While in Spain, I happened upon an 18th century book in an antique shop that held images of African coffles led by dark-skinned men on camels. For a long time I was haunted by these impressions of Africans leading other Africans into slavery. In the Yoruba tradition (West African religion) of spiritually transposing objects of their nemesis into articles of protection, I used traditional Tuareg artistry to create a talisman for the souls of the Sub-Saharan slave trade and their ancestors.
The entire piece is 100% leather ornately decorated with antique metal objects. The centerpieces are variations of Zinder crosses with four points for birth, life, death, and rebirth. Also said to represent the four corners of the world and worn by the Taureg to protect them on their journeys across the desert. They have distinctive etchings, which are said to ward off evil and harm. Surrounding the crosses are Ethiopian Telsum boxes worn as amulets for protection.

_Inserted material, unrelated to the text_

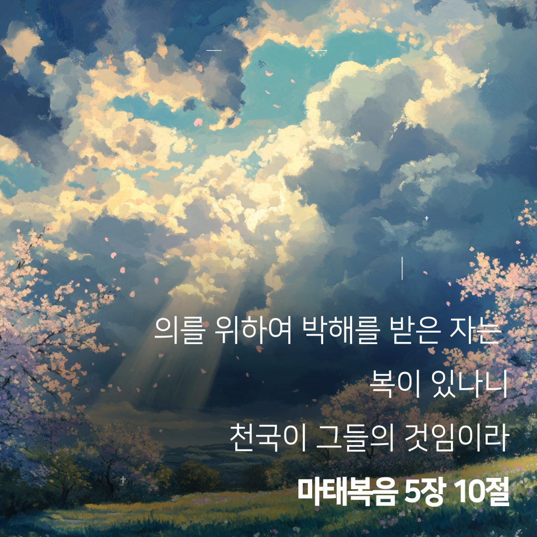 세상은 종종 의로운 삶을 불편해합니다. 진리를 외치는 자, 정의를 추구하는 자는 세상의 가치와 충돌하기에 고난을 겪게 됩니다. 하지만 하나님께서는 그러한 삶을 귀하게 여기시고, 천국을 약속하십니다. 박해는 고통스럽지만, 그 고통 속에는 하늘의 위로와 은혜가 함께합니다.

The four Kitabs at each corner are amulets, which contain paper scrolls of Qur’an scripture, and are themselves worn as talismans. Decorating the edges of the center are approximately 750 antique West African coins, some almost 100 years old, now believed to be for good luck; here they represent African lives traded for currency. Hanging from the bottom border Tuareg pendants the circle and a phallus are fertility symbols, worn as powerful talismans. Bordering the entire piece are extremely sharp porcupine twills. The backing is traditional Mali mud cloth, the pattern and color are supposed to represent strong supernatural powers that protect the wearer.